JAKARTA, JakartaHype.com - Bogor sering jadi kota yang dijadikan destinasi wisata bagi banyak orang karena suasana yang sejuk, rindang dan banyak pilihan tempat wisata. Salah satu destinasi yang menarik perhatian adalah Istana Bogor yang dikenal dengan keberadaan rusa jenis axis-axis sebagai ikon utamanya. Meskipun hanya bisa menikmati keindahan Istana dari luar, namun pengunjung tetap bisa berinteraksi dengan rusa axis-axis atau rusa totol.
Menariknya, rusa totol ini kerap kali berdiri di dekat pagar Istana sehingga sering mendatangkan pengujung untuk sekedar berfoto atau melihatnya secara dekat. Melansir dari laman Sekretariat Negara, ternyata rusa di Istana Bogor terdapat sekitar lebih dari 800 ekor rusa.

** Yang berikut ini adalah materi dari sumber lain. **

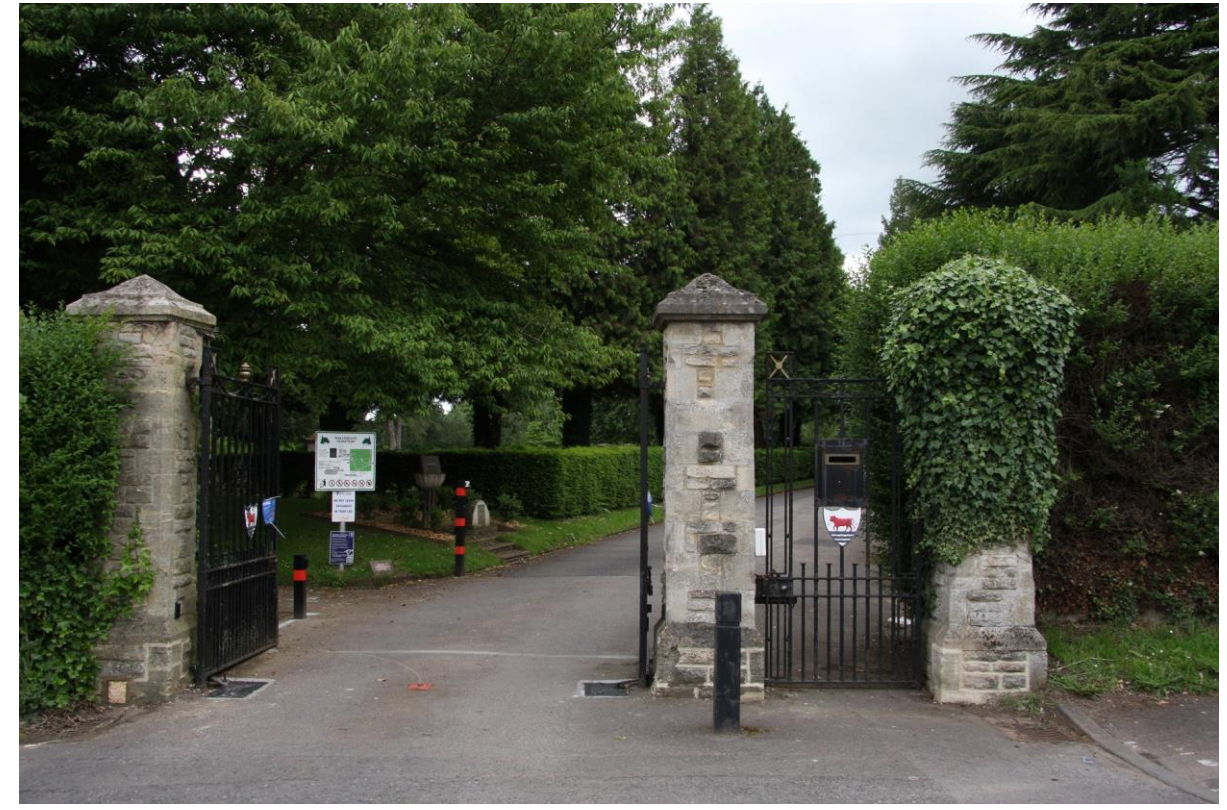
Wolvercote Cemetery, Wolvercote

Wolvercote Cemetery, Wolvercote has 45 Commonwealth War Graves – 22 from World War 1 & 23 from World War 2.
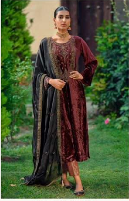
❖ D.10461 ❖
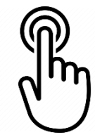
TESTE DE TOUCH
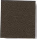
TIGER Drylac ® 49/60015 Pyrite Fine Texture

Awalnya rusa totol ini pertama kali dibawa oleh Gubernur VOC Sir Thomas Stamford Raffless dari daerah perbatasan India dan Nepal pada tahun 1814. Adapun jumlah lebih dari 800 ekor tersebut karena rusa-rusa ini telah berkembang biak di halaman Istana dengan luas sekitar 28,4 hektar.
Seiring meningkatnya populasi rusa di Istana Bogor, sebagian di antaranya disalurkan ke berbagai penangkaran serta lembaga swasta dan pemerintah. Langkah ini dilakukan untuk menjaga keseimbangan populasi dan memastikan ketersediaan rumput sebagai pakan tetap terjaga.

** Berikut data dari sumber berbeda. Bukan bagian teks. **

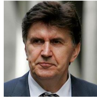
Dr. Ejup Ganić Chancellor of the SSST; Former President, Federation of Bosnia and Herzegovina
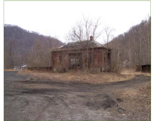
Efforts are on-going to renovate the abandoned Addison railroad depot into a historical museum, part of the Baker's Island Woodchoppers Festival renovation plans

Addison is currently evaluating the report to determine its next steps, which will include submitting an EPA targeted brownfield assessment application, and possibly an EPA brownfields clean-up grant.
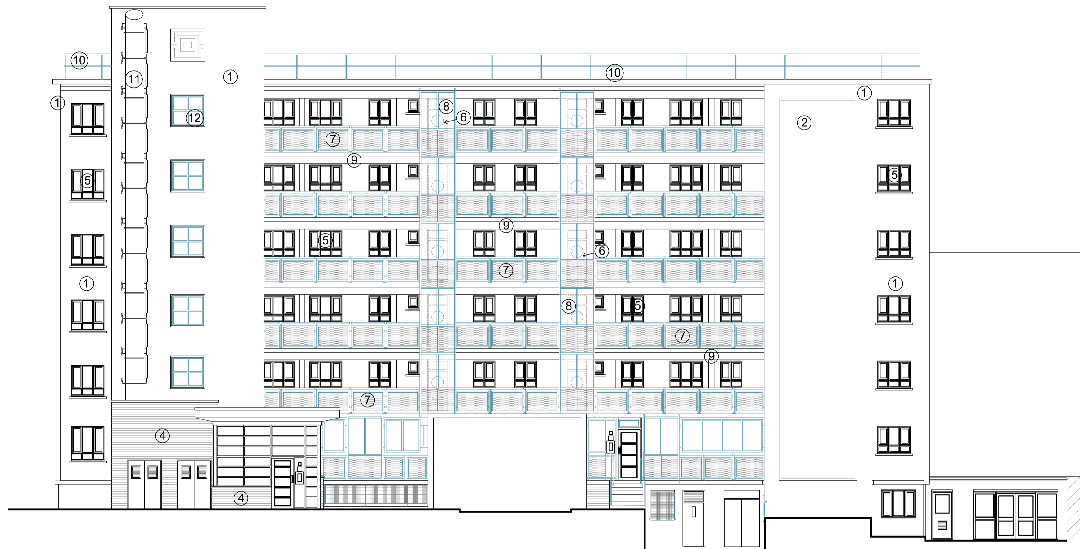
Fleetfield - Elevation A (North West)
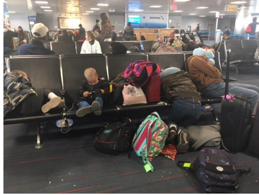
All were very tired after a sleepless night, and this was taken during our layover in NYC.
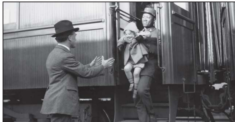
Labour The Railway Porters Union consisted mainly of Black members. They fought valiantly – and successfully – to improve labour conditions for their profession.

Rusa jenis axis-axis yang menjadi ikon Istana Bogor ini memang terlihat jinak, namun sejatinya merupakan satwa liar. Oleh karena itu, pengunjung hanya dapat berinteraksi dari luar pagar demi menjaga keamanan. Rusa-rusa ini masih memiliki naluri alami dalam mendeteksi ancaman, meski sudah terbiasa dengan kehadiran manusia. Dulu, pengunjung biasanya dapat memberi makan berupa wortel yang dijual di sekitar kawasan istana. Namun kini Pemerintah Kota Bogor sudah menghimbau untuk tidak memberi makan rusa guna mencegah penyakit infeksi penyakit mulut dan kuku (PMK) terhadap rusa di istana.